Malatya'da bir muhabbet esnasında “Eğer AK Parti İl Başkanı Hakan Kahtalı görevden alınırsa, yerine kim gelir?” şeklinde bir sual ile karşılaştım. Birkaç isim belirtmekle birlikte cevabım şu şekilde oldu: “Kanaatimce; Hakan Kahtalı görevine devam edecektir. Eğer devam etmezse; Ağabey kıdeminde olan eski bir vekil, “Yeni il Başkanı” olabilir”
ÖZNUR ÇALIK KAPANMADI...
Bazı gazeteler şu şekilde başlık attı: “AK Parti Genel Başkan Yardımcısı Öznur Çalık Kapandı!”.

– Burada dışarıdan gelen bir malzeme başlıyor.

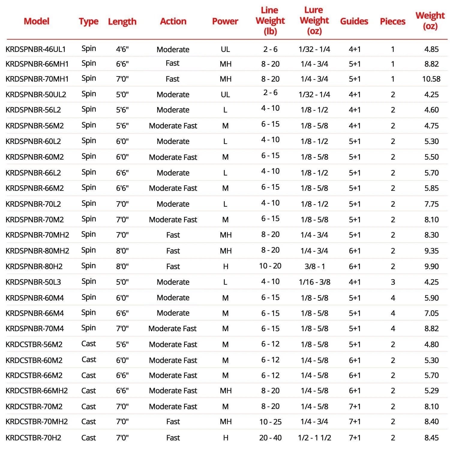 The KastKing Brutus fishing rods are available in over 20 combinations of power, action, length and number of pieces. There's a Brutus rod designed for almost any freshwater or saltwater fishing adventure. Use it as a bass fishing rod, walleye fishing rod, salmon fishing rod, or catfishing rod. There are 3 & 4-pc models that make great travel or pack rods so you are never without an easy to pack travel rod.

Bu haberden hoşnut olmayan "solak gazeteler" ise attıkları başlıkların başına “AKP” vurgusu yaparak memnuniyetsizliklerini hissettirmeye çalıştılar. Öyle ki bazı "solaklar" Öznur Çalık'ın kararından döneceğini ima edip şu şekilde bir yorumda da bulundular: “AKP Genel Başkan Yardımcısı Öznur Çalık; Başbakan Binali Yıldırım ile yaptığı Suudi Arabistan ziyaretinden sonra, örtünmeye karar vermiş... Aklıma bir an Rıfat Sait'in eşi geldi. Rıfat Sait; AKP'den tekrar vekil seçilemeyince, eşi Sevilay Sait “aniden” açılmaya karar vermişti! Örtünmek bu işin “fıtratında” var...”
Yani; "solak gazeteciler"; “bekleyin görün, bu kapanma hadisesi İslami hassasiyetten değil, belki siyasetin bir parçası” derken; "muhafazakar" cenah ise “Kapandı” diyerek sanki "Gayri Müslim" birinin hidayete ermesi gibi yanlış bir ima oluşturdular. "Solak"ların samimiyetine zaten inanmadığımı burada belirtmek isterim. "Muhafazakar" cenaha ise şu inceliği hatırlatmak isterim: Öznur Çalık “kapanmadı”; sadece “başını kapattı...” Çünkü; tesettür, sadece "başını" kapatmak değildir…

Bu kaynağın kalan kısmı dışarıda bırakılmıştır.